In 2008, Village set up a Tax Increment Financing (TIF) District in order to provide Springhill Shopping Center with $4 million in initial funding for renovations at the Shopping Center. By 2009, the Shopping Center was facing economic problems with the renovations. Springhill then asked the Village to establish some other mechanism to provide additional funding for renovations.
This time, the Village decided to establish a “special service area” pursuant to the SSA Act. The SSA Act generally allows a municipality to levy additional property taxes in a specific geographic area for the purpose of providing special services not otherwise available to the entire municipality. On December 7, 2009, the Village adopted Ordinance 09–27 proposing the establishment of a special service area (SSA #6) and the issuance of SSA bonds in an amount not to exceed $2.95 million (later reduced to $1.5 million). The SSA bonds for SSA #6 were to be repaid through a levy of property taxes for the properties in the SSA.

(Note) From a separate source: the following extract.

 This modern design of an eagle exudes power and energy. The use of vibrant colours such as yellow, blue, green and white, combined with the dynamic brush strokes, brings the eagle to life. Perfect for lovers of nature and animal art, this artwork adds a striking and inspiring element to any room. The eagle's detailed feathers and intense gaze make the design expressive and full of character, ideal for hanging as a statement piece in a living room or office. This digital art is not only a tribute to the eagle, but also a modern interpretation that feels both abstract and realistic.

The Shopping Center contains approximately 180,000 square feet of retail space. F.A.S.T. owns approximately 60,000 square feet of that space (the “East Property”). The remaining 120,000 square feet of the center lies west of the East Property (the “West Property”).

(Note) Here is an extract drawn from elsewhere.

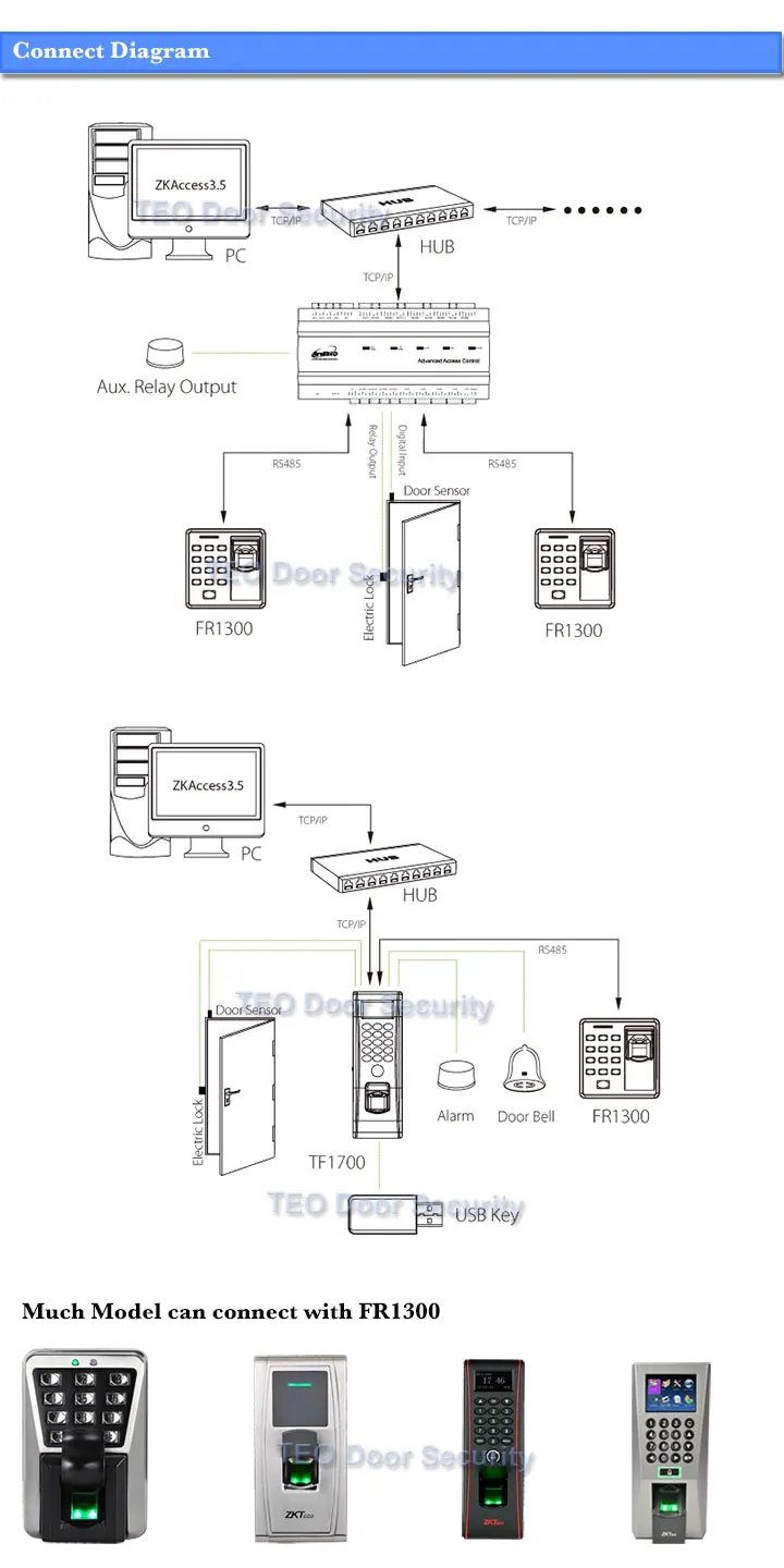 RS485 Slave Reader ZK FR1300 Support Fingerprint + RFID + Keypad Smart Finger Sensor With Doorbell 86cmx86cm Socket Installation

Notwithstanding the $1.5 million bond amount in the ordinance, the taxes assessed upon the East Property were based on the original amount of $2.95 million. So far, $866,423 of the $1.5 million in proceeds from the bonds has been spent. Of that $866,423, only $16,255 benefitted the East Property. The Bank or any subsequent owner of the East Property must continue paying its share of the additional property taxes through 2029.
In 2013, the East Property, which takes up 33% of the total square footage of SSA #6, was responsible for 44% of the SSA tax burden and did not receive any SSA distributions. The East Property was also encumbered with a tax rate increase associated with the SSA #6 bonds within the TIF which devalued the East Property by $500,000.

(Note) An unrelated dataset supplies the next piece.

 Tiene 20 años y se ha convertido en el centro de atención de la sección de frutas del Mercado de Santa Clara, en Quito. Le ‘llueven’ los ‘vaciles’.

Foreclosed Assets Sales and Transfer Partnership (F.A.S.T.) and its “authorized agent” – Bank of Camden – filed suit against the Village and Springhill alleging that the Village was disproportionately distributing funds from the SSA in violation of the SSA Act and the local ordinance enacted thereunder. Plaintiffs also alleged that the Village improperly enacted a moratorium and ordinance preventing the issuance of a business license to one of their potential tenants. Additionally, plaintiffs alleged that the Village was improperly paying legal fees related to this litigation out of SSA funds.
The District Court held that:
- Bank of Camden lacked standing;
- Although it had not paid any of the property taxes associated with the East Property, including the SSA or TIF taxes, F.A.S.T. had standing due to the alleged injury with respect to the resale value of the East Property;
- The SSA Act does not mandate that taxpayers within a SSA receive equal amounts of the SSA proceeds or amounts equal to the SSA taxes they paid, and thus plaintiff’s allegations that SSA #6 disproportionately benefitted the owner of the West Property to the detriment of the East Property failed to state a claim;
- Plaintiffs were not entitled to a mandamus for the court to order the Village Clerk to issue a business license to the Salvation Army to occupy and lease space in the East Property;
- Ambiguity existed within the documents regarding whether the Village was entitled to pay its attorneys’ fees from the SSA #6 improvement fund, precluding summary judgment on this issue.